Modification of Acetazolamide Synthesis: New Derivatives and Investigation of Their Biological Properties

Abstract

Abstract Acetazolamide 1 is a carbonic anhydrase inhibitor used in the medical treatment of glaucoma, epileptic seizure, idiopathic intracranial hypertension, altitude sickness, etc. The synthesis of `acetazolamide from the corresponding thiol derivative 2 requires oxidation and converting it to the sulfonyl chloride intermediate 3. This research tries to improve the safety, green conditions and efficiency of the oxidation method. For this purpose, chlorine gas was replaced with sodium hypochlorite (commercial bleach). This procedure led to the synthesis of several new products 1a-f with high purity. The synthesized key sulfonyl chloride 3 in the reaction with various amines, hydrazones, and bis-amines led to several new sulfonamide derivatives. The antibacterial activity (AA) and antioxidant activity (AO) of the newly synthesized compounds was investigated.
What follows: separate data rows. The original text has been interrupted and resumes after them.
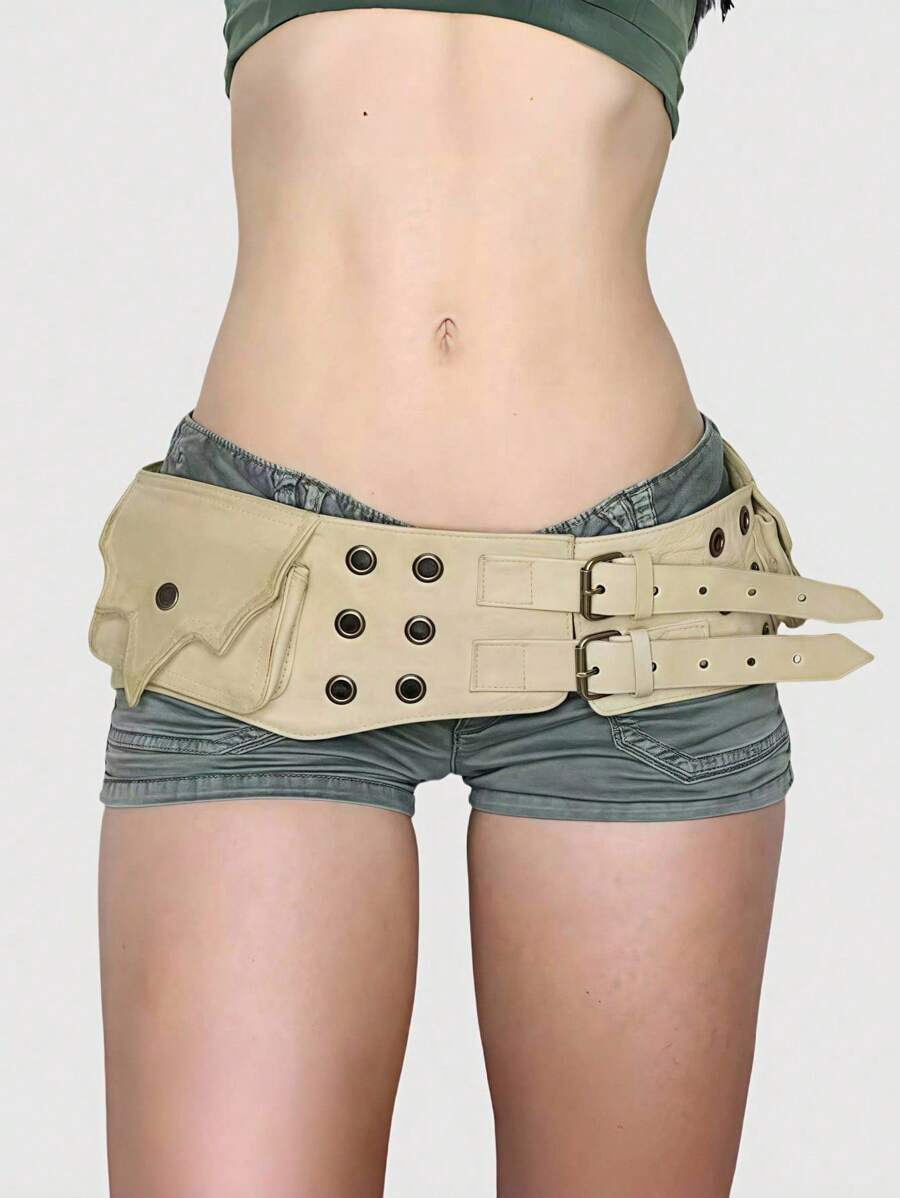 Grunge Punk Y2K Punk Stil schwarze Metall Nieten Ösen Multi-Taschen Hüfttasche mit verstellbarem Metallschnallengurt, Streetwear personalisierter Mode Breiter Gürtel für Frauen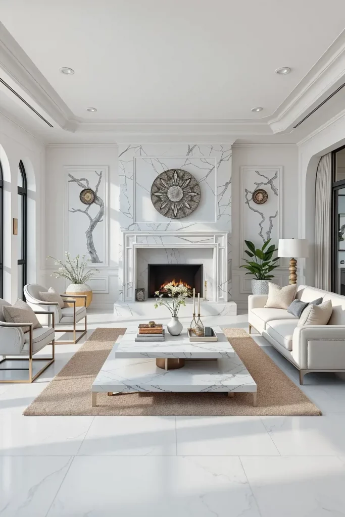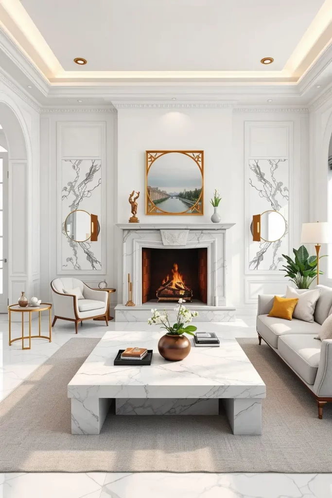 I prefer marble-topped coffee tables, marble-topped console tables, or white marble fireplaces in my designs. Even extensions of kitchen or shelves with marble backgrounds also go well with white interiors. Ornamental items such as marble vases or trays give minor accents that make a difference.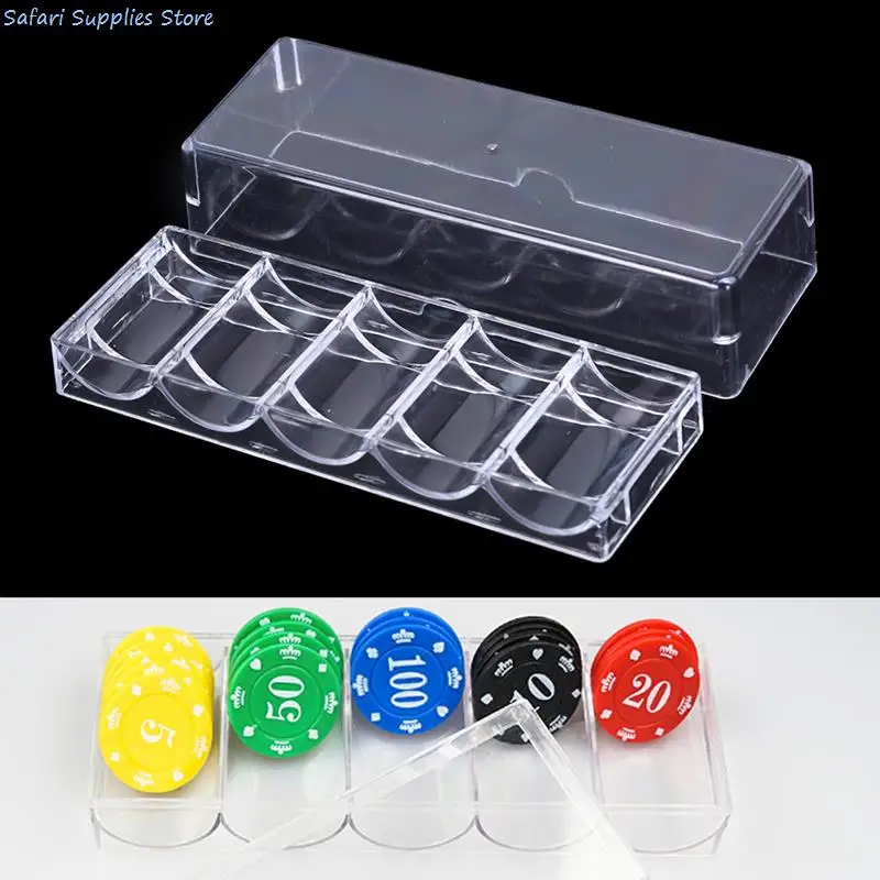 Набор покерных чипов, коробка акриловых чипов для покера, прозрачная коробка, лоток для игровых микросхем для казино, чехол с крышками, чипы для покера

The AA effect of bis-products (4a and 4b) is significantly increased compared to the corresponding mono-product (1a). In addition, the synthesized hydrazine-based products (10a-10 g) showed a very good effect on all Gram-positive and Gram-negative bacteria compared to other products, especially (11 g), compared to ciprofloxacin and tetracycline. Compounds 11c, 11a, 11b, 11e, and 1d showed good AO compared to ascorbic acid.